Cannot mimic manual document split in Azure, programatically, using Azure SplitSkill

106 Views Asked by At

I am going from a manual setup of my RAG solution in Azure to setting up everything programmatically using the azure python sdk. I have a container with a single pdf. When setting up manually is see that the Document count under the created index is 401 when setting the chunking to 256. When using my custom skillset:

split_skill = SplitSkill(
    name="split",
    description="Split skill to chunk documents",
    context="/document",
    text_split_mode="pages",
    default_language_code="en",
    maximum_page_length=300,  # why cannot this be set to 256 if I can do this with a manual setup?
    page_overlap_length=30,
    inputs=[  
        InputFieldMappingEntry(name="text", source="/document/content"),  
    ],  
    outputs=[  
        OutputFieldMappingEntry(name="textItems", target_name="pages")  
    ],
)

I get 271. I want to mimic my manual chunking setup as much as possible as I already have good performance. What am I missing? Alternatively, could somebody point me to the default setup for chunking when it is performed by hand?

22 FEB EDIT

Answering @JayashankarGS

According to this doc the minimum value you need give is 300. learn.microsoft.com/en-us/azure/search/… Chunking in RAG is not as same as maximumPageLength in split skillset.

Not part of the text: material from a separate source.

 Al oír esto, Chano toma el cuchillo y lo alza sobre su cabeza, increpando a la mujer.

To me it looks like maximum_page_length is exactly chunking_size. But you are right, as of today, there is nothing to do regarding selecting a chunk size of less than 300 using SplitSkill...

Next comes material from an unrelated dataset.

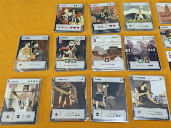 Zuletzt ist noch die Aktion „Errungenschaft entwickeln“ von zentraler Bedeutung, gerade für die Siegpunktgenerierung im Endgame. Das funktioniert ähnlich wie „Siedlungen bauen“. Statt einer Karte von der Hand wählt man eine verfügbare Errungenschaftskarte aus der Auslage. Dabei gibt es zwei Bedingungen: Erstens darf man nur dann eine Karte eines höheren Levels wählen, wenn man bereits mindestens ebenso viele Karten des niedrigeren Levels fertiggestellt hat. Man darf also niemals mehr Level-2-Errungenschaften als Level-1-Errungenschaften haben (analog für Level 3 zu Level 2). Die zweite Voraussetzung ist, mindestens eine der benötigten Ressourcen zu besitzen, um die Entwicklung zu beginnen. Diese wird auf der Karte platziert. Ressourcen können über mehrere Runden gesammelt werden. Es darf jedoch immer nur eine Errungenschaft zur selben Zeit entwickelt werden, niemals mehrere gleichzeitig.

enter image description here

1

There are 1 best solutions below

3
JayashankarGS On

You can mimic the splitting; however, the text split skill has a minimum length limit of 300, which is not the case in your manual setup.

Since the text split skill doesn't accept a maximum_page_length less than 300, you can split your documentation using the LLM_RAG_CRACK_AND_CHUNK_AND_EMBED built-in component found in the Azure ML registry. Then, create an index on the resulting dataset from this component.

Refer to this Stack Overflow solution regarding LLM_RAG_CRACK_AND_CHUNK_AND_EMBED.